» Aim of the task: Only the lines from the one with "로또, 연금복권, 즉석복권: 모두 당첨일 기준 1년 이내 수령해야 함" to the end of the listing below should be set down, exactly as written and without any pictures.

» Collected data:
---------------
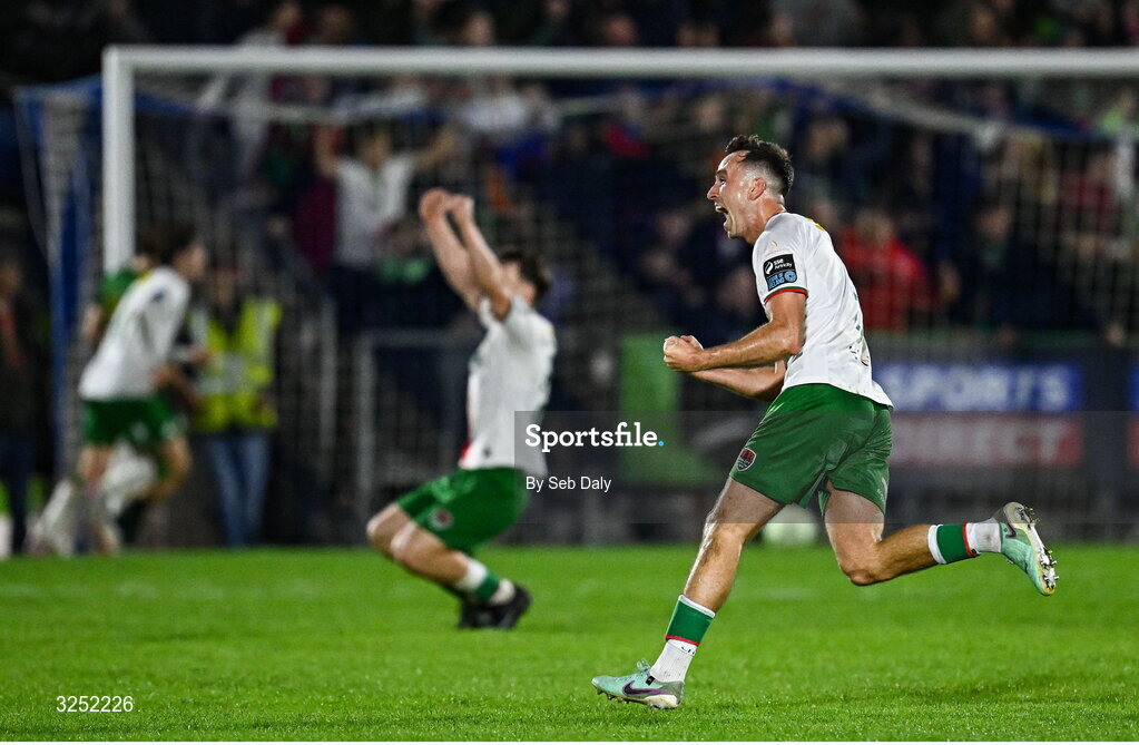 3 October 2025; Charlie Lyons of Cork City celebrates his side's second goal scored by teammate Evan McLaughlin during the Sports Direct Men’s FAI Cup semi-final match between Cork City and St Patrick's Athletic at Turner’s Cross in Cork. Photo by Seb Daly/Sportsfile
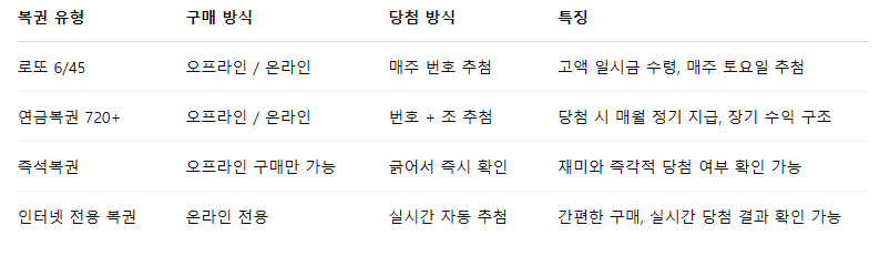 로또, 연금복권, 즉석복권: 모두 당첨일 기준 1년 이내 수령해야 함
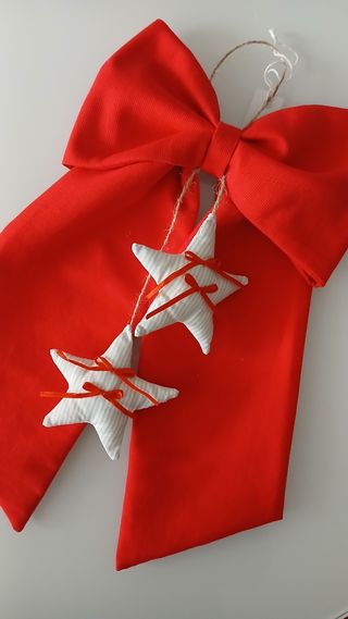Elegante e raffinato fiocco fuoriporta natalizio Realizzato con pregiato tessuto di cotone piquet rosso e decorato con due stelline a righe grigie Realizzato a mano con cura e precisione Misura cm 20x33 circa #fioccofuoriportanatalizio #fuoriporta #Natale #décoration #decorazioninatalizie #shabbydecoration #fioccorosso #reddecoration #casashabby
---------------
» Result:
 로또, 연금복권, 즉석복권: 모두 당첨일 기준 1년 이내 수령해야 함
Elegante e raffinato fiocco fuoriporta natalizio Realizzato con pregiato tessuto di cotone piquet rosso e decorato con due stelline a righe grigie Realizzato a mano con cura e precisione Misura cm 20x33 circa #fioccofuoriportanatalizio #fuoriporta #Natale #décoration #decorazioninatalizie #shabbydecoration #fioccorosso #reddecoration #casashabby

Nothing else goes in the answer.